This is the second day of my participation in the August Text Challenge.More challenges in August
The sum of two numbers LeetCode
Given an integer array nums and an integer target value target, find the two integers in the array and the target value target and return their array subscripts.
You can assume that there is only one answer for each type of input. However, the same element in the array cannot be repeated in the answer.

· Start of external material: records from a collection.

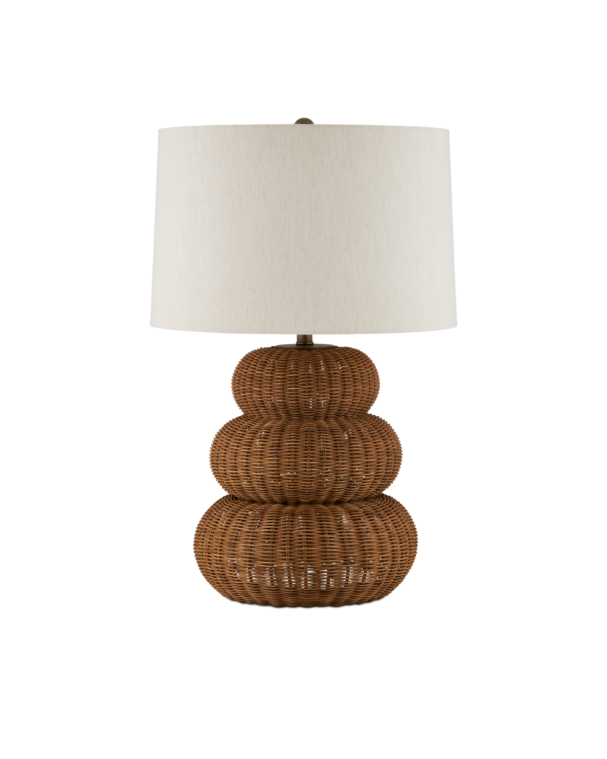 Nothing says texture in a space better than woven natural materials. The Mabrouka Table Lamp brings it in spades. Made of rattan, the triple-gourd shape of the lamp's body and the dark brown finish that adds warmth to the natural material enliven the personality of the brown lamp. The hardware and finial in an antique brass finish read as perfectly in-sync with the color of the wicker weave.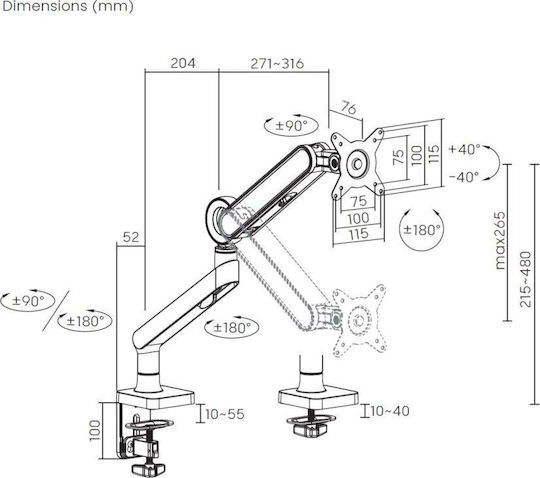 Πρότυπο VESA: 75 x 75 mm, 100 x 100 mm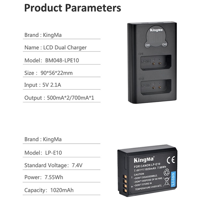 Giới thiệu Pin sạc Kingma Ver 2 cho Canon LP-E10 (Nhiều lựa chọn)

You can return the answers in any order.
Example 1:
Enter nums = [2,7,11,15], target = 9
Output: [0, 1]
Because nums[0] + nums[1] == 9, return [0, 1]
Example 2:
Enter: nums = [3,2,4], target = 6
Output: [1, 2]
Example 3:
Enter: nums = [3,3], target = 6
Output: [0, 1]
Tip:
2 <= nums.length <= 104
-109 <= nums[i] <= 109
-109 <= target <= 109
There can only be one valid answer
Advanced: Can you think of an algorithm whose time complexity is less than O(n2)?
Subject analysis
1. The boundary value of the prompt is no longer considered by the program
2. Target and array are integers
3. The array length must be greater than or equal to 2, which is the starting point for thinking
4. Instead of returning the element as target, the index of the element can be returned in any order
Python algorithms tend to prioritize type characteristics before built-in functions and operators
coded
>>> It’s still Python
class Solution:
def twoSum(self, nums: List[int], target: int) - >List[int] :
for i in range(len(nums)):
subx=target-nums[i]
if subx in nums:
index=nums.index(subx)
ifi! =index:return [i,index]
Copy the code
The submitted code execution results are as follows
The code analysis
[I]= (select * from list) [I]= (select * from list) [I]= (select * from list) [I]= (select * from list) [I]= (select * from list) [I]= (select * from list) [I]= (select * from list)

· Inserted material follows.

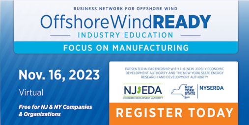 This registration is for the Offshore Wind Ready: Manufacturing educational program taking place virtually in Zoom on Thursday, November 16 from 10 a.m. to 4 p.m. EST. After you register, you will receive an email that contains complete information about the program. This Offshore Wind Ready training, hosted by the Business Network for

L From the result, the execution time is not ideal, obviously this algorithm is not good
L And this way of thinking, the index method of the list type is defective
Violence algorithm
Both are brute force algorithms, each element does a match lookup, but the last I! =index is a little hard to understand
class Solution:
def twoSum(self, nums: List[int], target: int) - >List[int] :
count=len(nums)
for i in range(count):
for j in range(i+1,count):
if nums[i]+nums[j]==target:
return [i,j]
return []
Copy the code
This brute force algorithm, the result is not optimized
Parsing: By iterating through the list, the second layer of for matches the second element. The first layer sums each element with the next element to get the index. So it takes more time than the first solution.
The new knowledge
Hash: For each x, we first check whether target-x exists in the hash table, and then insert x into the hash table to ensure that x does not match us
class Solution:
def twoSum(self, nums: List[int], target: int) - >List[int] :
hashtable = dict(a)for i, num in enumerate(nums):
if target - num in hashtable:
return [hashtable[target - num], i]
hashtable[nums[i]] = i
return []
Copy the code
Official record
In terms of execution time, it is better than the first and second solutions.